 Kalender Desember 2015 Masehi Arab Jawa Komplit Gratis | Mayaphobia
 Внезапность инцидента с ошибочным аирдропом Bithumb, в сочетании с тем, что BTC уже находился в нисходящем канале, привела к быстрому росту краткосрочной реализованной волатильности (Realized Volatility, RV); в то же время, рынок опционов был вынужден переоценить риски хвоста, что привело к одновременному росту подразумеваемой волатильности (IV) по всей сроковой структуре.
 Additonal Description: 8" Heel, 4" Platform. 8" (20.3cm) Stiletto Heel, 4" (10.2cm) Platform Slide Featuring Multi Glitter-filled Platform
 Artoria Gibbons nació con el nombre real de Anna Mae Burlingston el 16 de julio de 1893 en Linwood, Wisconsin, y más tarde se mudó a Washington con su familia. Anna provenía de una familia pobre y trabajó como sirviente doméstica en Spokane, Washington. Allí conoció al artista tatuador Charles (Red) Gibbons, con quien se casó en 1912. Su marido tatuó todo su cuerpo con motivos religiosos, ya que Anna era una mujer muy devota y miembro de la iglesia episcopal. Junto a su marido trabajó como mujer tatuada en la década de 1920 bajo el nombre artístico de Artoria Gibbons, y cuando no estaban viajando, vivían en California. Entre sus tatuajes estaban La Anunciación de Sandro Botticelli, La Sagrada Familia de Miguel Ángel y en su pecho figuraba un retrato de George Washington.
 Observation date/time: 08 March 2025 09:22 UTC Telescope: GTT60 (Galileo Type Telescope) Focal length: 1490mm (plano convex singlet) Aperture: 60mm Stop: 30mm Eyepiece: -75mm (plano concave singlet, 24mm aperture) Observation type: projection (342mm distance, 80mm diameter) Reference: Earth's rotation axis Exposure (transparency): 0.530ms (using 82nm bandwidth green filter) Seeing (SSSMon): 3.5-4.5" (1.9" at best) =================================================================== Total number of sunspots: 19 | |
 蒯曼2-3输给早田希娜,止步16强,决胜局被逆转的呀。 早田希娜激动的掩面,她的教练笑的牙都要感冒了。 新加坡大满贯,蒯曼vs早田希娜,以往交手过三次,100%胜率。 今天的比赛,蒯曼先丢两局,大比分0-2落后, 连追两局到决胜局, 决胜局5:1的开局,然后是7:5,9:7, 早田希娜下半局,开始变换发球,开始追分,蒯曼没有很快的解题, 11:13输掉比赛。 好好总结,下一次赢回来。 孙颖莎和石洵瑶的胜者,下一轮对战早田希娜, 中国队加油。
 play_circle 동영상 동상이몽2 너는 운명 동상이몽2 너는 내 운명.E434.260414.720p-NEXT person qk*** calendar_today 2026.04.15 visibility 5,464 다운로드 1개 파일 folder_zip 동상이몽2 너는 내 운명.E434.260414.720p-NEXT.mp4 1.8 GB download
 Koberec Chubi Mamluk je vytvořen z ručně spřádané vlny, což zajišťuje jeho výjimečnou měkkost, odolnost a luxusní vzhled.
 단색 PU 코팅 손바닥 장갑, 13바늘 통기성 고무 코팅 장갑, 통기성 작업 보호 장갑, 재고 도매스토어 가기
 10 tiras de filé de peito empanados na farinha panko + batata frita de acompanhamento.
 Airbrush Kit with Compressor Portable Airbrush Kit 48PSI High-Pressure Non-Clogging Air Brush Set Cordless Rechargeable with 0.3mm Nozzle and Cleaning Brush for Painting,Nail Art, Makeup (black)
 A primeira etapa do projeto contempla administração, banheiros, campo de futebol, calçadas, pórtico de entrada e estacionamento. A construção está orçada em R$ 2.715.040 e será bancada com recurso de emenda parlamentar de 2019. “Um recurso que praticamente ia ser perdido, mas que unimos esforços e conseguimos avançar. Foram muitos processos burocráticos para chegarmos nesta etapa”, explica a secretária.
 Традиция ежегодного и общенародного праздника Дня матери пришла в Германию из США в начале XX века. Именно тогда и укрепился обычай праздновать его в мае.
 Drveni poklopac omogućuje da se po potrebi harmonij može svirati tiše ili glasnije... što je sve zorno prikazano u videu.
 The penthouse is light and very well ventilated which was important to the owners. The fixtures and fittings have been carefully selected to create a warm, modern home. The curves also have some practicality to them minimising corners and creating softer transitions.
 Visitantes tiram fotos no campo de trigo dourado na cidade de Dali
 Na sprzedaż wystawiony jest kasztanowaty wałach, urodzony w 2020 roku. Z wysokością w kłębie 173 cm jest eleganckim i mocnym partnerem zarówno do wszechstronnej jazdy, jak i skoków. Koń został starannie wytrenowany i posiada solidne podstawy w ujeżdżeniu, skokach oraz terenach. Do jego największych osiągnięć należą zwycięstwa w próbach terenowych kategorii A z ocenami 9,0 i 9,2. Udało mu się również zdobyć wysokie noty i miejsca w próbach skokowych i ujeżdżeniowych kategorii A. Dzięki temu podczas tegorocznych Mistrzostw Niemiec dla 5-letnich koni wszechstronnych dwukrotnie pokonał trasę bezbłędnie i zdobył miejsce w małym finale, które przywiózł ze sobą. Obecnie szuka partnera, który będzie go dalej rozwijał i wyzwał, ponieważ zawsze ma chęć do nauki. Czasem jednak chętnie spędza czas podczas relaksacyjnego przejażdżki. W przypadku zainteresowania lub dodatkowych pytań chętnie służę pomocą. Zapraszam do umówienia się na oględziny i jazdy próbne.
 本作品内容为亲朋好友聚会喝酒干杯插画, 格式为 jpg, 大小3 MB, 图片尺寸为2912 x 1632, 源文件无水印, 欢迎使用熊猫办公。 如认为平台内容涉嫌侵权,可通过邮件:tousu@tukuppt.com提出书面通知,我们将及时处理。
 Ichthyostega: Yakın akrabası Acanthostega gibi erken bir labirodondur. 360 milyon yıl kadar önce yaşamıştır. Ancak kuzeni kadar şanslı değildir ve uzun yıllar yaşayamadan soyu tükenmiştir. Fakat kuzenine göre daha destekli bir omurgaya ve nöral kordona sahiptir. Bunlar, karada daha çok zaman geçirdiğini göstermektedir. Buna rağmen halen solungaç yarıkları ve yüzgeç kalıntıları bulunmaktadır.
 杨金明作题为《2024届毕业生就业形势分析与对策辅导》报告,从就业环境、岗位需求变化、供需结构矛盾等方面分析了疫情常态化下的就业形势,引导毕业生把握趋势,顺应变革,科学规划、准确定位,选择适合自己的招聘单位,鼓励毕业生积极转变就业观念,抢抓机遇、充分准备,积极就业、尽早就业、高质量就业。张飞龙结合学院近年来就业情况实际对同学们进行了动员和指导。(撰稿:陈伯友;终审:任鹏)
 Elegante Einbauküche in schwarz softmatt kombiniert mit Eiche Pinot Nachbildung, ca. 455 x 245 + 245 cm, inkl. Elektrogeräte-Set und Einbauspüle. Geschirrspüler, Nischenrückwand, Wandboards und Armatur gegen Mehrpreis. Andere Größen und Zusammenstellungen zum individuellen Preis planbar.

:::::

- YOUR GOAL -
Copy only this part of the entries above: the line with "Традиция ежегодного и", the line with "Visitantes tiram fotos", and the lines between, all exactly as written.

- FINAL ANSWER -
 Традиция ежегодного и общенародного праздника Дня матери пришла в Германию из США в начале XX века. Именно тогда и укрепился обычай праздновать его в мае.
 Drveni poklopac omogućuje da se po potrebi harmonij može svirati tiše ili glasnije... što je sve zorno prikazano u videu.
 The penthouse is light and very well ventilated which was important to the owners. The fixtures and fittings have been carefully selected to create a warm, modern home. The curves also have some practicality to them minimising corners and creating softer transitions.
 Visitantes tiram fotos no campo de trigo dourado na cidade de Dali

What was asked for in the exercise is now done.